We've spent a lot of time building Grafana dashboards and they've been extremely helpful with debugging. It doesn't solve all problems but it certainly helps narrow down where to look.

Sure, we still look at log files, use htop and a lot of other tools, but our first stop is always Grafana.

I suggest the almost any book by Edward Tufte. There you'll see the beauty and value of visual information.

4 comments

> We've spent a lot of time building Grafana dashboards and they've been extremely helpful with debugging. It doesn't solve all problems but it certainly helps narrow down where to look.

This is what I was about to write. Most of our services have 1 or 2 dashboards showing some service KPIs - for example HTTP request throughputh and response time, and also interface metrics to other sub systems - queries to postgres, messages to the message bus and so on.

With dashboards like this, you can very quickly build a deduction chain of "The customer opened a ticket, well because our 75%ile of the response time went to 20 seconds, well, because our database response times spiked to an ungodly number".

And then you can go to the dashboards about the database, and quickly narrow it down to the subsystem of the database - is something consuming the entire CPU of the database, is the IO blocked, is the network there slow.

In the happy cases, you can go from "The cluster is down" to "our database is blocked by a query" within a minute by looking at a few boards. That's very, very powerful and valuable.

And sure, at that point, the dashboards aren't useful anymore. But a map doesn't lose value because you can now see your target.

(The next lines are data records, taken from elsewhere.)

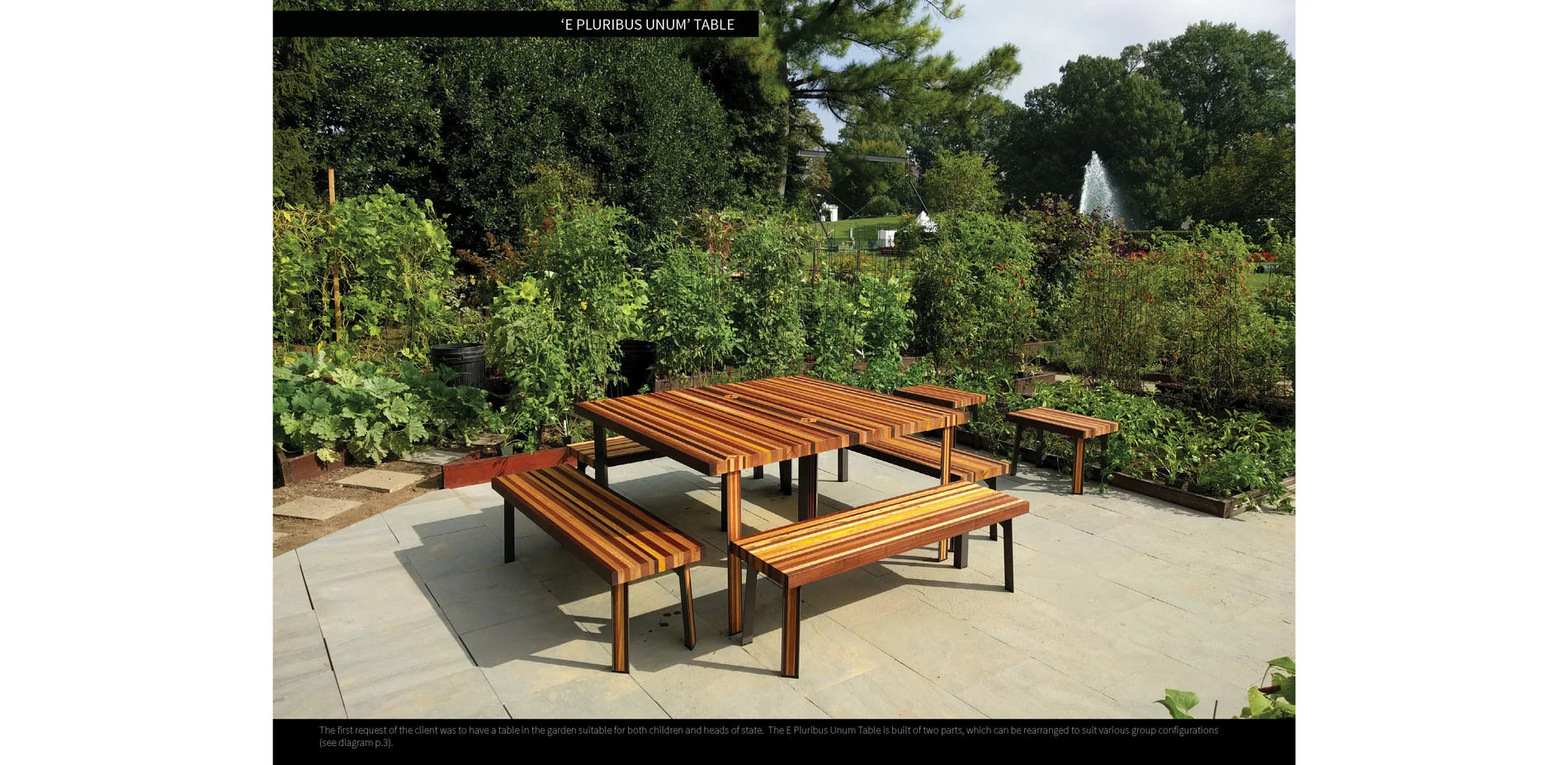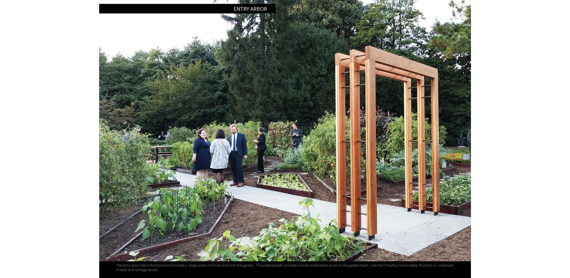 Starting in June, the design team undertook a thorough analysis of the current garden configuration and cycles of activity within the garden to fully understand how to enhance the garden with a goal of making it more formalized and ‘set in stone’ projecting a sense of permanence. Already a highly successful and productive garden, we determined that the designs had to be meaningful, subdued, and precise. Each design move was rooted in the themes of gathering, harvesting, and celebrating the unifying ‘E Pluribus Unum.’
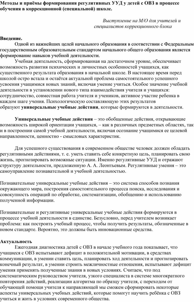 Методы и приёмы формирования регулятивных УУД у детей с ОВЗ в процессе обучения в коррекционной (специальной) школе.
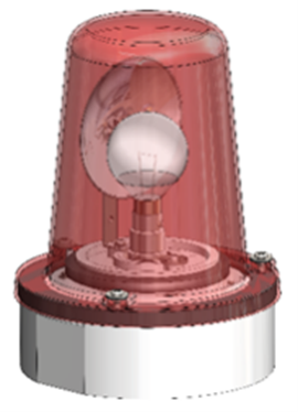The next type is a LED rotating mirror beacon. Whilst this is a higher-priced option in comparison to the filament lamp model, this beacon has a low power consumption with a high light output. It is also long life making it ideal for more regular use with less maintenance required.
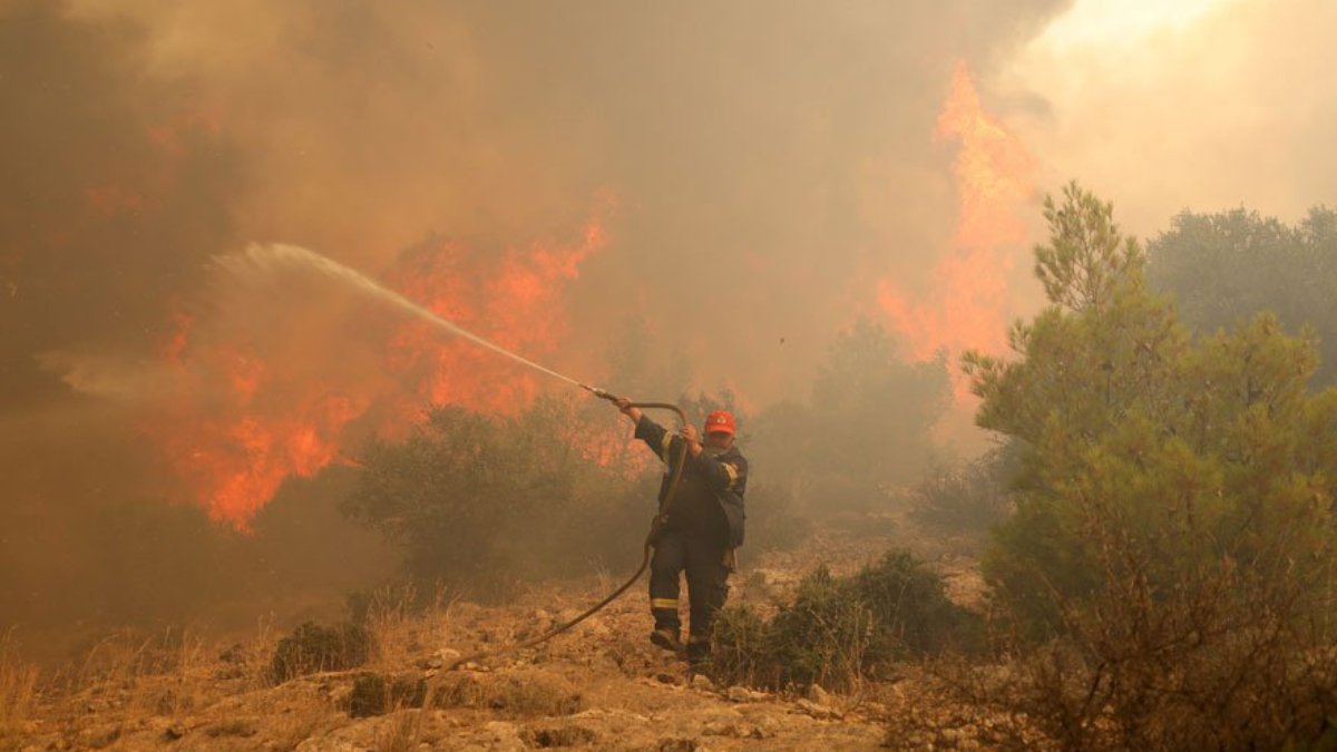 Bölgedeki yangınların söndürülmesi için Güney Kıbrıs Rum Yönetimi (GKRY), Almanya, Bulgaristan, Sırbistan, Fransa, Çekya, Romanya, Slovakya ve Arnavutluk'a bağlı ekipler Yunanistan'a destek veriyor. (AA)

This is where dashboard have been most useful to me: extract and expose key metrics of the system, in as unbiased and raw of a form as possible.

Or, to put it another way, looking at a dashboard should tell you reliable facts about the system, that lead you to further exploration.

As the post puts it, "They’re great for getting a high level sense of system functioning, and tracking important stats over long intervals. They are a good starting point for investigations."

Dashboards should not attempt to interpret anything, without being very clear about how, why, and what they're doing.

Example: response time statistics vs "responsive green/red light"

If it's important enough to have logic built on top of it, that's an alert, and that's something different.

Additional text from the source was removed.